An oil passage 5a is formed inside the crankshaft 5. The oil L provided on the bottom surface of the sealed container 1 is guided through the oil passage 5a to be delivered to the upper portion of the frame 2 and scattered. In addition, a pumping mechanism 5d for pumping the oil L to the oil passage 5a is installed at the lower end of the crankshaft 5.

On the other hand, the cylinder 6 provided with the compression chamber 6 'inside is integrally molded with the said frame 2. As shown in FIG. In the compression chamber 6 ′, a piston 7 connected to the eccentric pin 5b of the crankshaft 5 and the connecting rod 8 is provided. At the front end of the cylinder 6, a valve assembly 9 for controlling the refrigerant flowing into and out of the compression chamber 6 'is installed. The head cover 10 is mounted on the valve assembly 9, and the head cover 10 is connected to the valve assembly 9 so that the suction muffler 11 can transfer refrigerant to the compression chamber 6 ′. It is installed.

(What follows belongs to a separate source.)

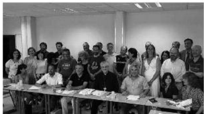
L'arquebisbe d'Urgell i copríncep d'Andorra, Joan-Enric Vives, a la Universitat Catalana d'Estiu a l'Hotel d'Urgell

19/08/2018 | 13:30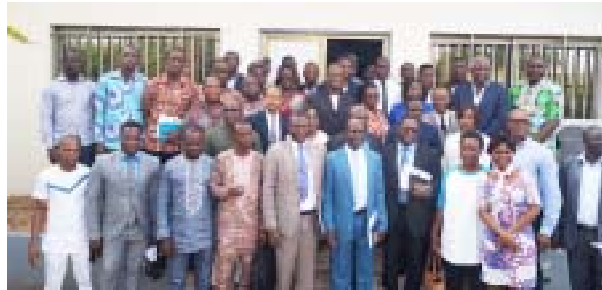
Photo de famille des participants à la fin de la cérémonie du lancement de l'Atelier

Aujourd'hui l'approvisionnement des populations en eau potable demeure l'un des soucis majeurs de l'OMS et des gouvernements. D'ailleurs la préoccupation du gouvernement togolais, à travers son ministère de l'Agriculture, de l'élevage et de l'hydraulique reste la fourniture de l'eau, en qualité et en quantité irréprochables. En plus y associer un service d'assainissement adéquat afin d'améliorer substantiellement les conditions de vie de sa population et, justement, contribuer à

On the other hand, with reference to Figure 2 will be described the main portion of the valve assembly (9). A valve plate 9p is provided at the tip of the cylinder 6. The valve plate 9p is provided with a seating groove 9g in which a configuration for controlling discharge of the refrigerant compressed in the compression chamber 6 'is discharged. The discharge port 9e penetrates through one side of the valve plate 9p, and the suction port 9i penetrates through the other side of the valve plate 9p.

The seating groove 9g is provided with a valve plate 9v for opening and closing the discharge port 9e. The shape of the valve plate 9v is well illustrated in FIG. 3, the front end portion of which is installed at a position corresponding to the discharge port 9e and opens and closes 9v 'to open and close the discharge port 9e, and the other end is below. It is a fixing portion 9v "pressed and fixed by the retainer 9r to be described.

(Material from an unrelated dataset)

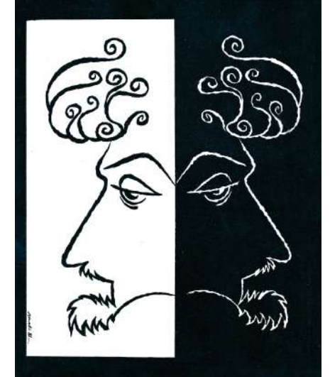
Necati Abacı'nın Şahin Kaygun karikatürü.

Esat Erçetingöz'den İzmir'in Flamingoları Dijital Fotoğraf Sergisi / Flamingos of İzmir Digital photography Exhibition İstinyePark Teras

And the valve spring 9s is provided so that it may overlap with the said valve board 9v. The tip end of the valve spring 9s serves to control the swing of the valve plate 9v. And the other end is a fixed part which is pressed and fixed by the said retainer 9r.

In the upper portion where the valve plate 9v and the valve spring 9s overlap, the retainer 9r is seated in the seating groove 9g to fix them. A portion of the upper portion of the inner surface of the retainer 9r that corresponds to the front end of the valve spring 9s is formed as a restricting portion 9r 'and lower than other portions to regulate the fluctuation of the valve spring 9s. The valve assembly described here is only the main portion thereof.

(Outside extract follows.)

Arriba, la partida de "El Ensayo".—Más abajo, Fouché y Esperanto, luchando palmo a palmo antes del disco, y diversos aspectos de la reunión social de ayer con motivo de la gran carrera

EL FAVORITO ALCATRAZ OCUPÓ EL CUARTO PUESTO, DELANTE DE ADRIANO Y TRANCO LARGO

In the figure, reference numeral 9i denotes a suction port for sucking refrigerant into the compression chamber 6 '.

In the hermetic compressor having such a configuration, when the power is applied, the rotor 4 rotates with respect to the stator 3 by electromagnetic interaction between the rotor 4 and the stator 3, and the rotor ( The crankshaft 5 rotates integrally with 4). When the crankshaft 5 rotates, the eccentric pin 5b eccentric with respect to the crankshaft 5 rotates in a circle, and the connecting rod 8 connected to the eccentric pin 5b is rotated. The piston 7 is linearly reciprocated while being driven along the eccentric pin 5b. As such, when the piston 7 linearly reciprocates in the compression chamber 6 ', the refrigerant is compressed.

In the process of operating the compressor as described above, the refrigerant is sucked into the compression chamber 6 'and the compressed refrigerant is discharged through the following process. That is, when the piston 7 moves to the bottom dead center from the top dead center, a relatively low pressure is formed inside the compression chamber 6 ', and the compression chamber 6 is formed through the suction port 9i. The refrigerant is sucked into the interior of '). At this time, the valve plate 9v is attracted to the valve plate 9p by the low pressure inside the compression chamber 6 'and closes the discharge port 9e.

When the piston 7 starts to move from the bottom dead center to the top dead center again, the suction port 9i is closed by the pressure generated in the compression chamber 6 '. In this state, the piston 7 continues to move toward the top dead center to compress the refrigerant. When the piston 7 reaches the top dead center, the valve plate 9v is pushed by the pressure of the compressed refrigerant to open the discharge port 9e and the refrigerant is discharged to the outside of the compression chamber 6 '. do.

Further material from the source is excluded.